(Collected data)
################
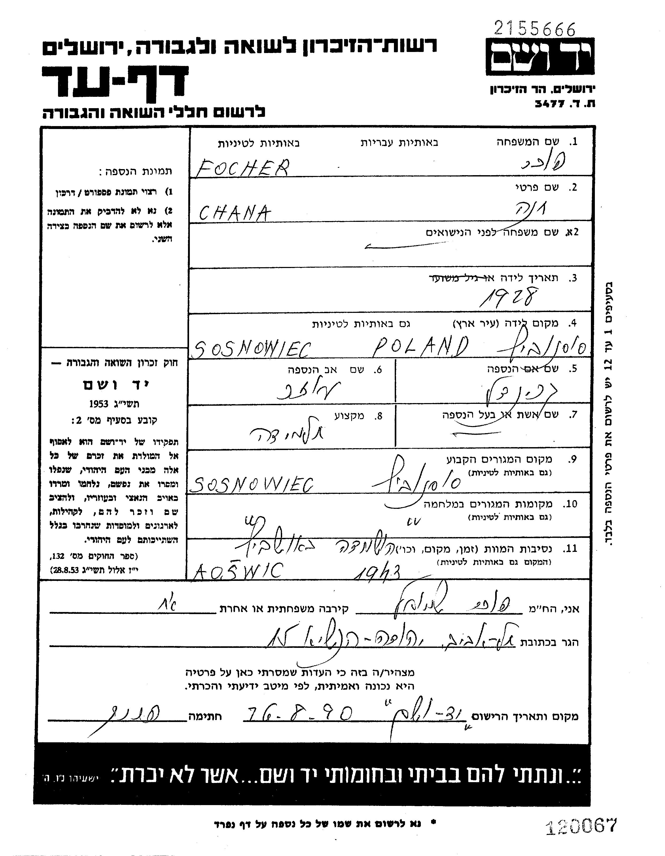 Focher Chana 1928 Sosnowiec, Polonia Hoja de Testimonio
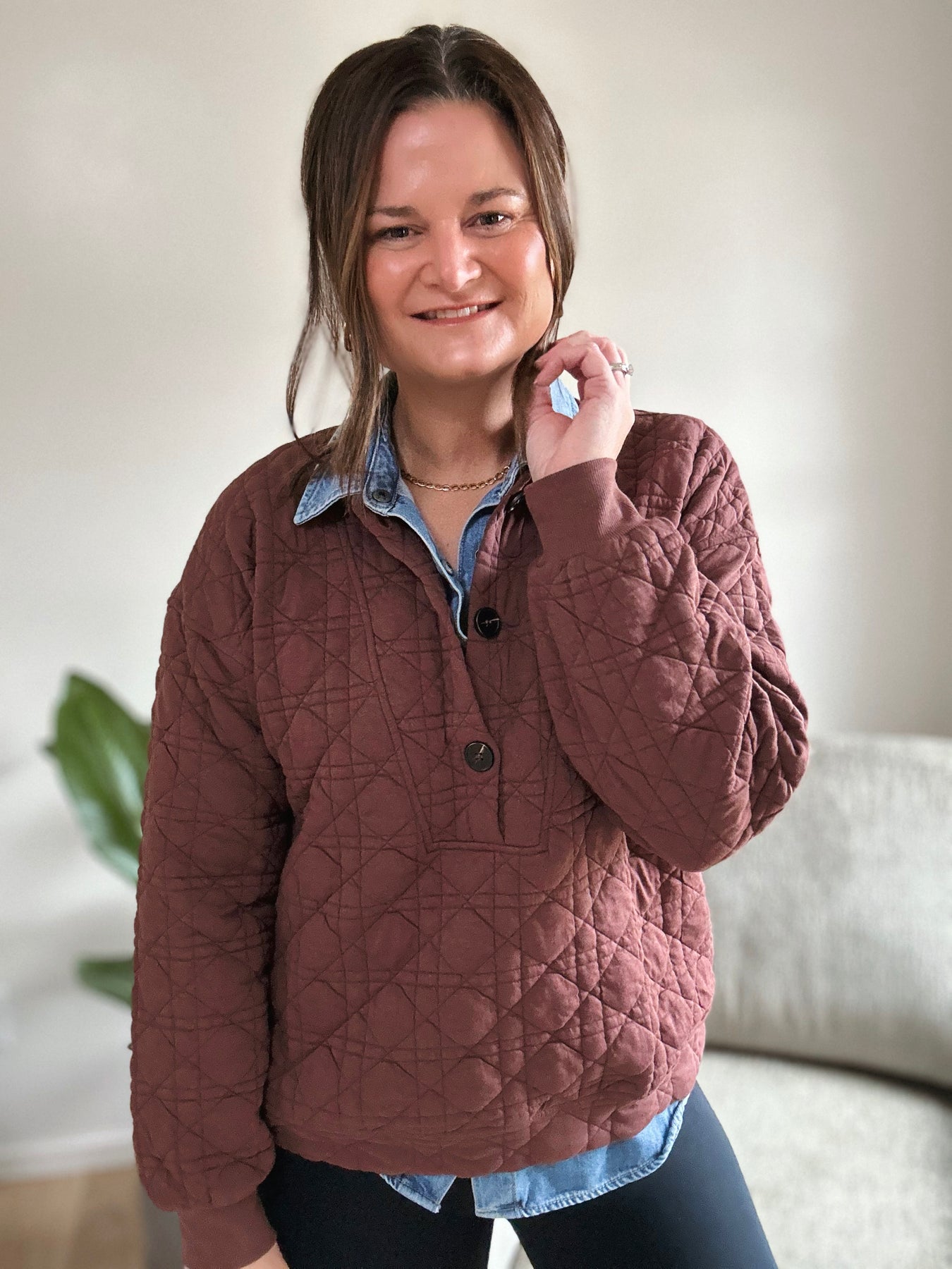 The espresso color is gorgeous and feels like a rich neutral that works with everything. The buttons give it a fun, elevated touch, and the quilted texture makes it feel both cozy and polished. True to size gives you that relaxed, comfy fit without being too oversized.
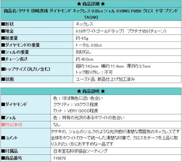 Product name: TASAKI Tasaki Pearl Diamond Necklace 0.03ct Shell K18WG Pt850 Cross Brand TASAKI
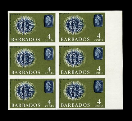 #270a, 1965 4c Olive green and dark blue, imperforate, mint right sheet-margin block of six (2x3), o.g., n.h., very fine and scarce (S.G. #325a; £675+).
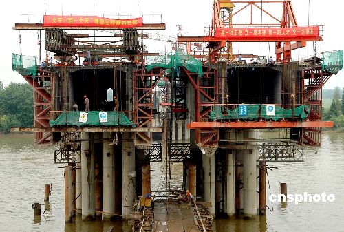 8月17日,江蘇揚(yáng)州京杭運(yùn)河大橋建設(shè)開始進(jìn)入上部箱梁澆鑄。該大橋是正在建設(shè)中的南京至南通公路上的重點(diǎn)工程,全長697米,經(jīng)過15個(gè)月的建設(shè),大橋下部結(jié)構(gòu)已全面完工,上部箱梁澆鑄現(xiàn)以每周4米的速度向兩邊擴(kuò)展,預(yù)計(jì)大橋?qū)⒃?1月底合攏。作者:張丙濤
################
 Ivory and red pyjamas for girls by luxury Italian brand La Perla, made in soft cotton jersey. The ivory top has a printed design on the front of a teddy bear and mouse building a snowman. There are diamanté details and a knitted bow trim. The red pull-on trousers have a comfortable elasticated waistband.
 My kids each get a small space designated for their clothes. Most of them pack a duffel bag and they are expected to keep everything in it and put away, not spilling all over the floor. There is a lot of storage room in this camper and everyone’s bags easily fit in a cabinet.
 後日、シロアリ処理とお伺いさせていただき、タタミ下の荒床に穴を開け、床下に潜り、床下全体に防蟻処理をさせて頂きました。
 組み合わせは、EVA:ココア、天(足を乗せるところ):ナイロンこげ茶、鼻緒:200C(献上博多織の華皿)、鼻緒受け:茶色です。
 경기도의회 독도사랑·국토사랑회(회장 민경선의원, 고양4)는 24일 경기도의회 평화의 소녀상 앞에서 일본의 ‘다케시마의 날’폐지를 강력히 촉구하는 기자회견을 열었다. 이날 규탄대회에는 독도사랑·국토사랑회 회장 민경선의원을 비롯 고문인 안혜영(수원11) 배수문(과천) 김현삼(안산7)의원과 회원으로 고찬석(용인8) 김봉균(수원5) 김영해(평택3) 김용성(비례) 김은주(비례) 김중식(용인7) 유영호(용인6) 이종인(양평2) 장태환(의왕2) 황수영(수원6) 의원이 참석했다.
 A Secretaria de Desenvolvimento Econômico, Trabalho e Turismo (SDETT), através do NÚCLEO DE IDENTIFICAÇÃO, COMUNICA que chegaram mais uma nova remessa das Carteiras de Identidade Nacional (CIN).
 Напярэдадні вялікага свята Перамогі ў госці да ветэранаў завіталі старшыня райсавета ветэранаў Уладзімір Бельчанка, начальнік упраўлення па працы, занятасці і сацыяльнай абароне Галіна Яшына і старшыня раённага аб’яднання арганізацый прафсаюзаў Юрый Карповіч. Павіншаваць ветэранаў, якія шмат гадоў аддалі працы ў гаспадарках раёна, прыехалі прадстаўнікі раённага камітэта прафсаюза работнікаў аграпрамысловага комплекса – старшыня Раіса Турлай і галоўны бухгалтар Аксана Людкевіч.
################
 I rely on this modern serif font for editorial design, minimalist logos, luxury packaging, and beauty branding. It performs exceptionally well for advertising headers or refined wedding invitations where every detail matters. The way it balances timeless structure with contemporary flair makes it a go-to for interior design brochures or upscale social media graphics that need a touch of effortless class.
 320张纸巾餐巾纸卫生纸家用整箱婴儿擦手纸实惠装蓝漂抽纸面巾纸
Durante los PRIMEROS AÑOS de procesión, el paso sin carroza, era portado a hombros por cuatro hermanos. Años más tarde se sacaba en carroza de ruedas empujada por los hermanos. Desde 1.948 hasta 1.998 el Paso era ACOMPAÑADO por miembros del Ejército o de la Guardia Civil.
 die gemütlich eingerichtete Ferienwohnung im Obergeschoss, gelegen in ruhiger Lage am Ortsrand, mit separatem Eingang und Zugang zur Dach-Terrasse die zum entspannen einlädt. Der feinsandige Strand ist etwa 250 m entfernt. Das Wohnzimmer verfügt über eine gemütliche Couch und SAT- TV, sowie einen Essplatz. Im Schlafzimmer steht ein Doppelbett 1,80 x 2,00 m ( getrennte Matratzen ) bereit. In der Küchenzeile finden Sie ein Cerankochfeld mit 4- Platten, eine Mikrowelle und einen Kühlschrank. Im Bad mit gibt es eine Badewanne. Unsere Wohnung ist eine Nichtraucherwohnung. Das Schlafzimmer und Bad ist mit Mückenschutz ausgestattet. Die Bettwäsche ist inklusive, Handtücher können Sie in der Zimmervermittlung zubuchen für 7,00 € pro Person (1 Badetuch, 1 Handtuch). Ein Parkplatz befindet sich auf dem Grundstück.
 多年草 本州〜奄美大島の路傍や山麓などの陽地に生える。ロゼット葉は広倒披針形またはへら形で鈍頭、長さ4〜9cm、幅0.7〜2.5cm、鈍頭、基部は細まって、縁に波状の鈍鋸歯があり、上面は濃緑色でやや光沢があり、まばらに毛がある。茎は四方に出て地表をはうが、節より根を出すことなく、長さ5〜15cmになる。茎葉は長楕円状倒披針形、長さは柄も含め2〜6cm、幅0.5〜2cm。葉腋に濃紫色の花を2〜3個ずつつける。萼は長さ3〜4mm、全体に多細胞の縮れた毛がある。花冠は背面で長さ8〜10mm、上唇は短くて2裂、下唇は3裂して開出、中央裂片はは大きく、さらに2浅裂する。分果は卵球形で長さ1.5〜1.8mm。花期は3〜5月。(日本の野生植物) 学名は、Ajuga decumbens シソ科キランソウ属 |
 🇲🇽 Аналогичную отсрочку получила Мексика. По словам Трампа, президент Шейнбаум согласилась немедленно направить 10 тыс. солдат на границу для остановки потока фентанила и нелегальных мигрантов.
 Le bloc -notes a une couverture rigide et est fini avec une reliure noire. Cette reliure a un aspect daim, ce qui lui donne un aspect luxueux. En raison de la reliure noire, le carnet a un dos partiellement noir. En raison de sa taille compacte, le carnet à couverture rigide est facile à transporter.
################
Action item: In the data above, take the line with "Focher Chana 1928", the line with "8月17日,江蘇揚(yáng", and every line between, and set them down exactly without pictures.

Response:
 Focher Chana 1928 Sosnowiec, Polonia Hoja de Testimonio
 The espresso color is gorgeous and feels like a rich neutral that works with everything. The buttons give it a fun, elevated touch, and the quilted texture makes it feel both cozy and polished. True to size gives you that relaxed, comfy fit without being too oversized.
 Product name: TASAKI Tasaki Pearl Diamond Necklace 0.03ct Shell K18WG Pt850 Cross Brand TASAKI
 #270a, 1965 4c Olive green and dark blue, imperforate, mint right sheet-margin block of six (2x3), o.g., n.h., very fine and scarce (S.G. #325a; £675+).
 8月17日,江蘇揚(yáng)州京杭運(yùn)河大橋建設(shè)開始進(jìn)入上部箱梁澆鑄。該大橋是正在建設(shè)中的南京至南通公路上的重點(diǎn)工程,全長697米,經(jīng)過15個(gè)月的建設(shè),大橋下部結(jié)構(gòu)已全面完工,上部箱梁澆鑄現(xiàn)以每周4米的速度向兩邊擴(kuò)展,預(yù)計(jì)大橋?qū)⒃?1月底合攏。作者:張丙濤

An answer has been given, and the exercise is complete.